Mona Charen takes issue with Chris Christie’s plea for drug treatment. She says the notion that anyone is opposed to drug treatment is a “straw man.” She asks, “Who is opposed to drug and alcohol treatment?” The answer is only those who have to pay for it. Then she gets to the nub of her problem with addiction: she says that “There are some (and I would include myself) who think addiction is not like multiple myeloma or autism; there is an element of choice in the former and not the latter.” I would guess, just offhand, that Ms. Mona Charen has never been addicted to anything and therefore she doesn’t really know what she is talking about.

This “element of choice” that Charen mentions is the standard excuse used by the Charens and other moralists to lay blame. Laying blame is of great importance for these people; if you cannot assign blame you cannot assign guilt; if you can assign guilt you can assign punishment. The result is obvious; drug offenders are guilty and surely should be punished so judges send drug offenders to jail and not to treatment. After all don’t we all have “free will?”
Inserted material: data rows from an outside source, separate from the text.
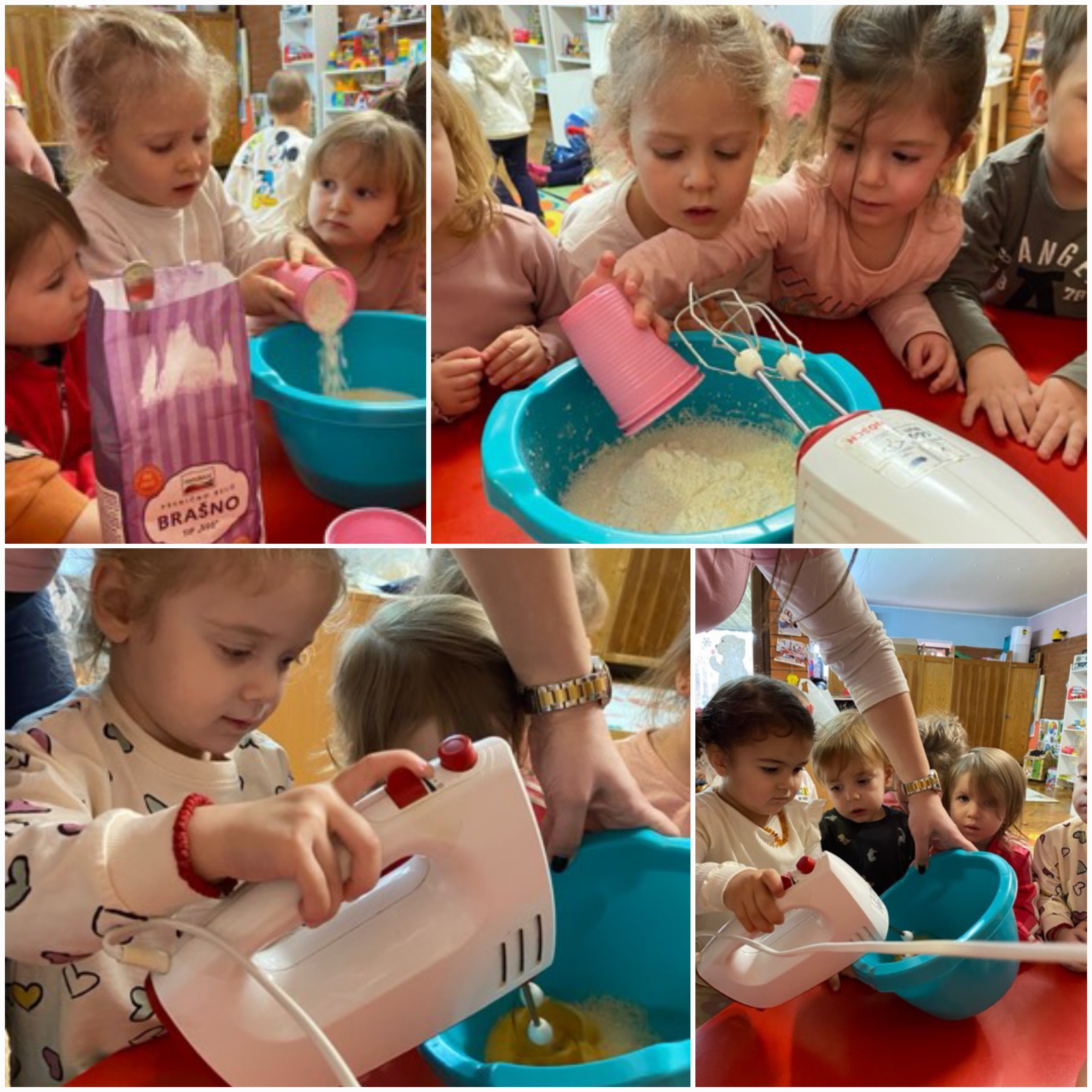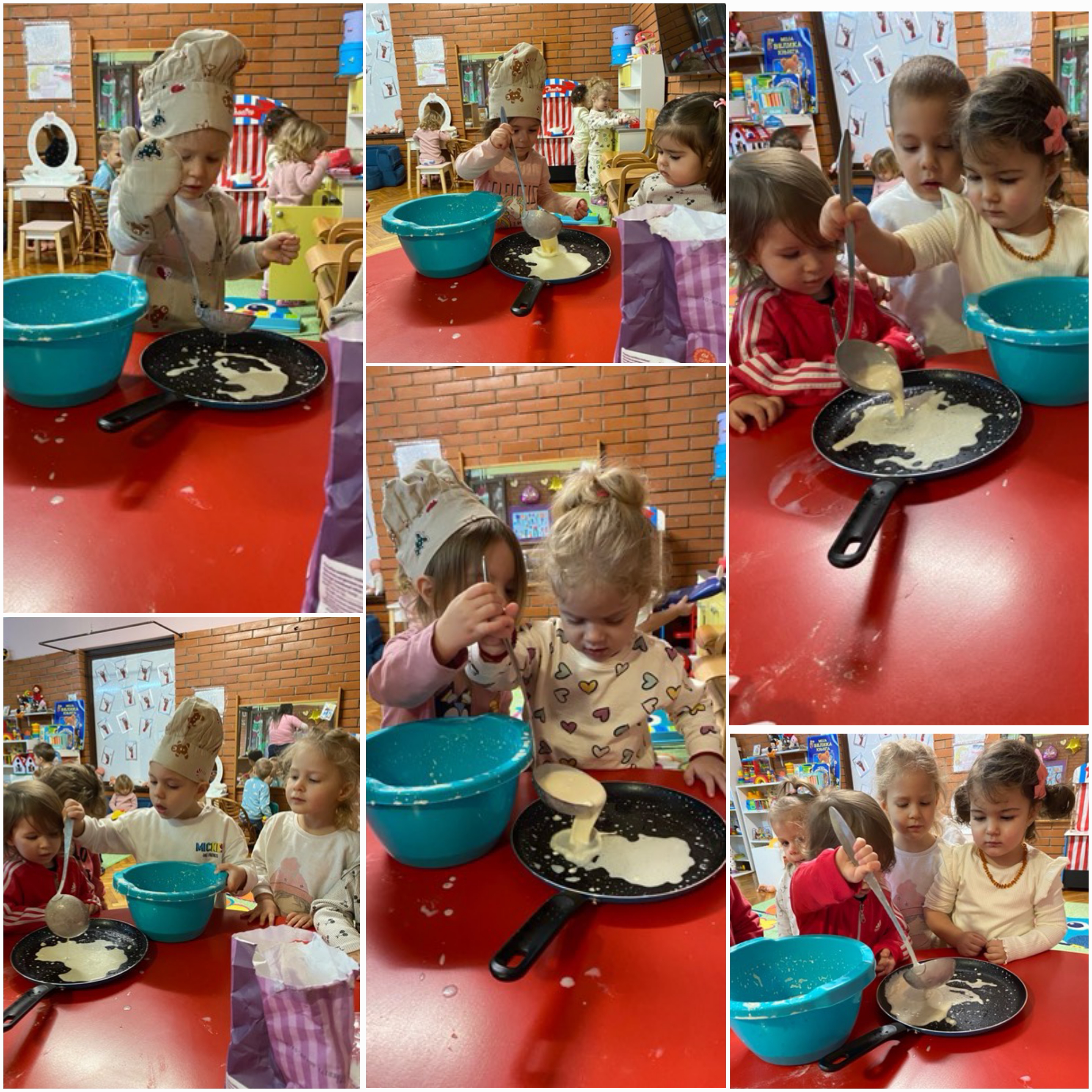 Полазећи од дечјег интересовања, деца су се опробала у припреми палачинки, а затим и у мешењу и обликовању теста за хлеб, преузимајући улогу правих малих пекара. Кроз мешење, додавање састојака и посматрање како тесто нараста, деца су стицала нова искуства, развијала фину моторику, стрпљење и сарадњу.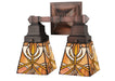 This Meyda Tiffany original two light wall sconce is inspired by the art and architecture of Charles Rennie Mackintosh and the Glasgow school of art. Amber Mauve and Gold stained glass make up the intricate patterned shade that is suspended from Mission style hardware in a warm Mahogany Bronze finish.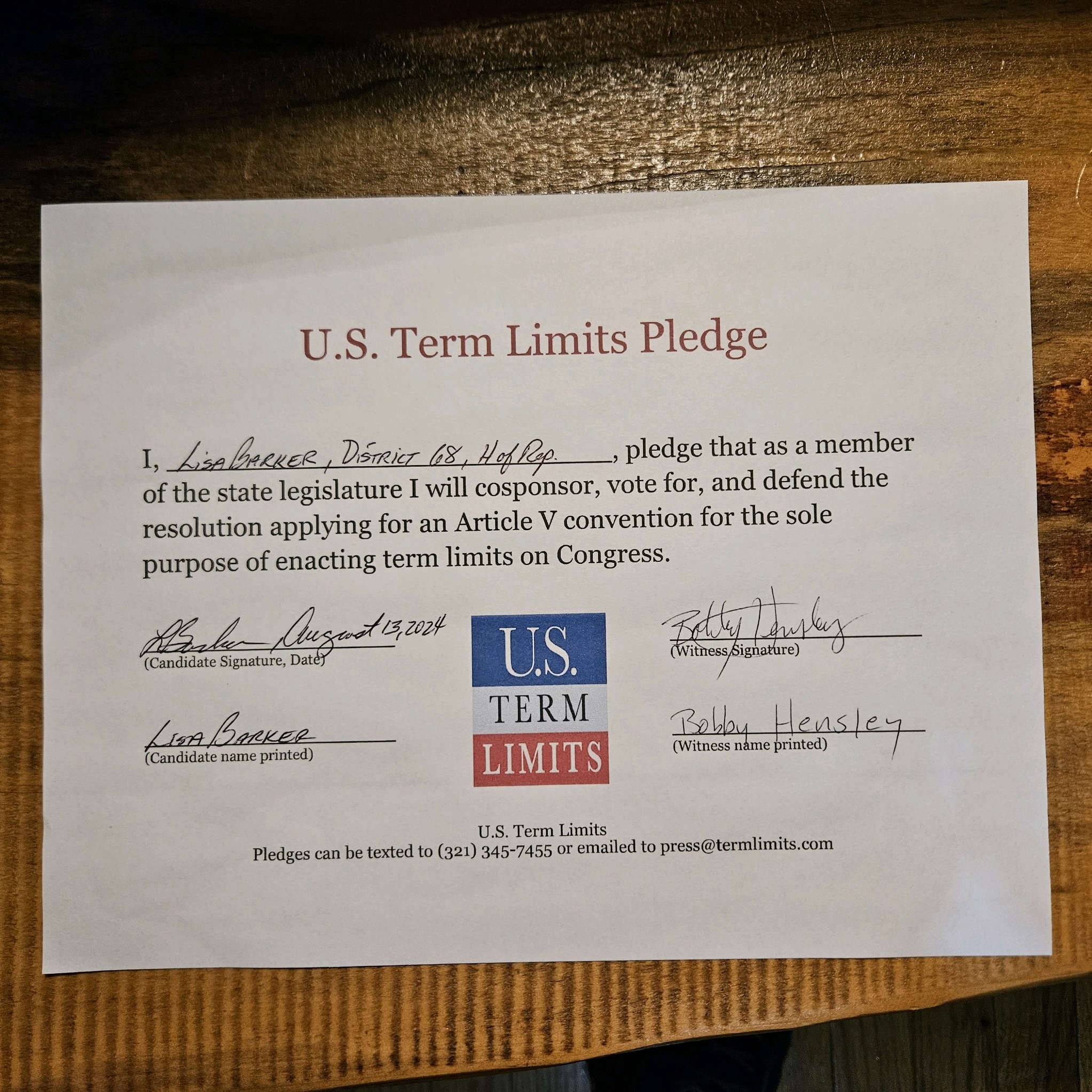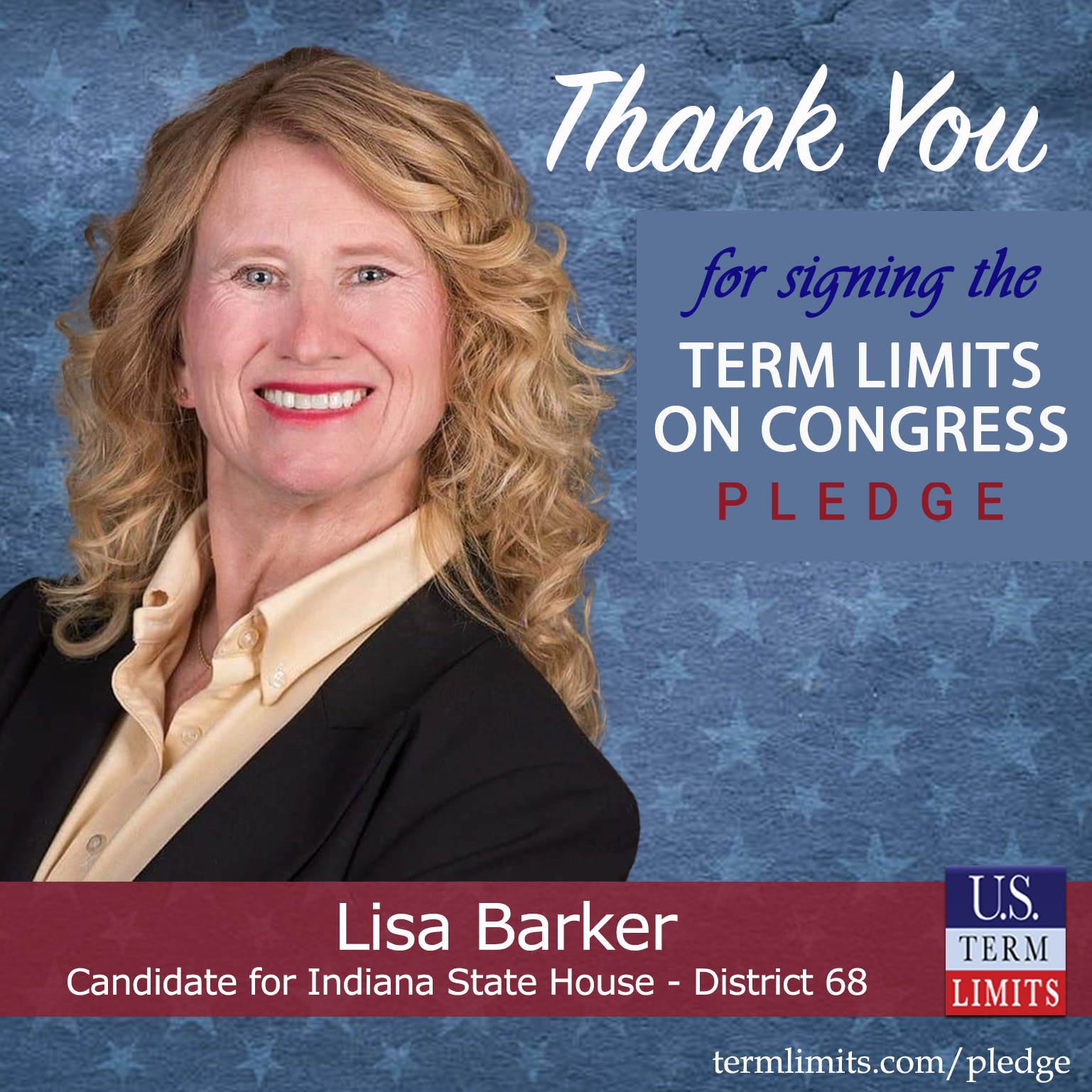 USTL President, Philip Blumel, commented on Barker’s pledge saying, “Lisa’s strong support of term limits shows that there are individuals who are willing to listen to the majority of voters who want term limits. America needs a Congress that will be served by citizen legislators, not career politicians.”

Referring to Christie, Charen maintains that, “Christie has raised some substantive issues in this race (entitlements for example)…But this looks like an exercise in the kind of moral exhibitionism that has become so common on the left and that Christie ought to be above.”  This “moral exhibitionism that has become so common on the left” is apparently totally absent from the right. It does seem clear that what conservatives like Charen are interested in conserving is money, not people.

 Then Charen tells us, “Treatment is not any sort of panacea for addiction, either, …a psychiatrist estimates that between 40 and 60 percent of participants drop out within the first few weeks or months…while effective treatment takes at least a year.” Treatment may not be “any sort of panacea” but it is considerably better than no treatment at all.  Alcoholics fall off the wagon all the time; the remedy is to get right back on.

Then Charen goes after Christie’s comments that it’s easy to be prolife while for the nine months they’re in the womb…but when they get out that’s when it gets tough. Charen says that this is “a tired and familiar charge from the left.” She goes on to claim that no post-partum care can possibly compensate for dismembering an infant in the womb. No one said it did. Charen says that “over 2000 Crisis Pregnancy Centers (CPC)… provide aid during the first year of life (and sometimes beyond).”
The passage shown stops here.